The README, AGENTS.md, train.py docstring, extract_vhack_act.py docstring, and lora2r.py docstring all consistently describe the activation-scored routeA method. No current-method document implies gradient cosine scoring.

(3) Historical routeV results preserved rather than relabeled routeA CLEAN

  • docs/results.md consistently calls old results "routeV" (e.g., "routeV per-token", "routeV authored", "routeV random-V"), never "routeA". The header clearly distinguishes them.
  • docs/writeup/main.tex calls the method "routeV" throughout (e.g., "vGROUT routeV (best)", Table "route (ours)"). The paper explicitly declares itself historical.
  • README.md refers to "routeV" as the retired method, with separate routeA description.
  • docs/spec/20260611_act_gate_spec.md: explicitly states "routeA (per the rename-on-logic-change rule): the gate input changes from gradients to activations, so routeV results stay comparable only to routeV."

No relabeling found. The old results are preserved under their original name "routeV."

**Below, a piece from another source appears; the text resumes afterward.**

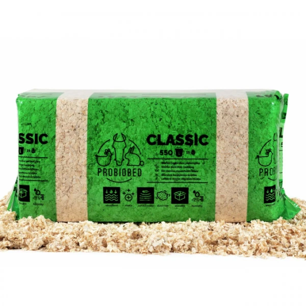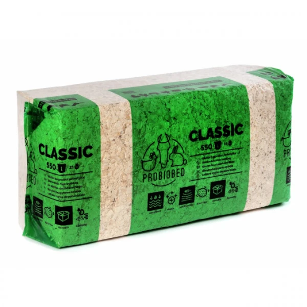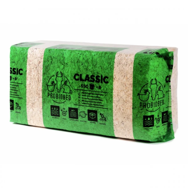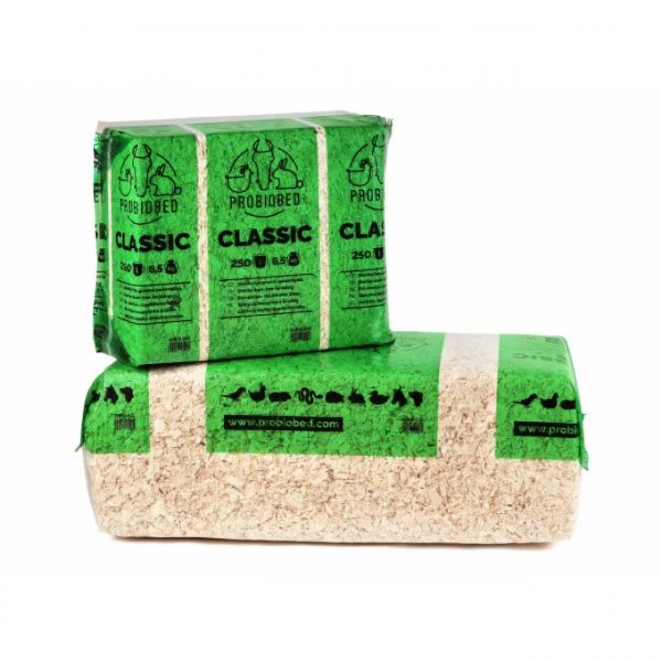 Podstieľka z drevenných hoblín Probiobed dodávaná v lisovanom balíku s rozmermi 80 x 40 x 30 cm (objem 96 l).

(4) Claims about lora2r shapes/masks are exact CLEAN

Every documented shape and mask claim matches the implementation:

Claim Source Code verification
A:[2r, d_in], B:[d_out, 2r], both trainable README L23-24, AGENTS.md L267-268 lora2r.py L127: A0 = torch.randn(2*r, d_in, ...), B0 = torch.randn(d_out, 2*r, ...); A = nn.Parameter(A0.clone()), B = nn.Parameter(B0.clone())
Deployed [:r], quarantine [r:] README L24-25, AGENTS.md L268 lora2r.py L98-102: h[..., :r] with B[:, :r]; h[..., r:] with B[:, r:]
No cross terms between blocks README L25-26 lora2r.py L98-102: column k of B only multiplies row k of A's output; F.linear(h[..., :r], B[:, :r]) and F.linear(h[..., r:], B[:, r:]) are independent
Frozen A0/B0 subtracted, net delta = 0 at init README L23-24, lora2r.py L8-9 lora2r.py L99-102: dep = F.linear(h[...,:r], B[:,:r]) - F.linear(h0[...,:r], B0[:,:r]); at init A=A0, B=B0 so dep=quar=0
Masks (m,d): clean (0,0) → deployed only; mid (1,0) → both; hack (1,1) → quarantine only, deployed detached README L29-32, AGENTS.md L287-291 lora2r.py L108-114: dep = ((1-d)*dep + d*dep.detach()), quar = m*quar; train.py L508-510: m = (z > t_lo), d = (z >= t_hi)
Deployment ablation resets quarantine to init README L27, lora2r.py L117-118 lora2r.py: "deploy ablation resets that block to A0/B0 (eval.ablate_quarantine)"
Ablation deletes quarantine's learned delta README L27-28 Confirmed by lora2r.py design: A0/B0 frozen, quarantine is A[r:], B[:,r:] minus init

One minor terminology note (not a correctness issue): README.md uses "clean/hack/mid" while AGENTS.md and the code use "keep/absorb/rout" for the same (m,d) pairs (0,0)/(1,1)/(1,0). Both are internally consistent and map correctly.


Summary: No findings. All four review areas are clean. The documentation accurately reflects the current routeA implementation, historical routeV results are preserved under their original name, no current-method prose implies gradient cosine scoring, and all lora2r shape/mask claims are exact.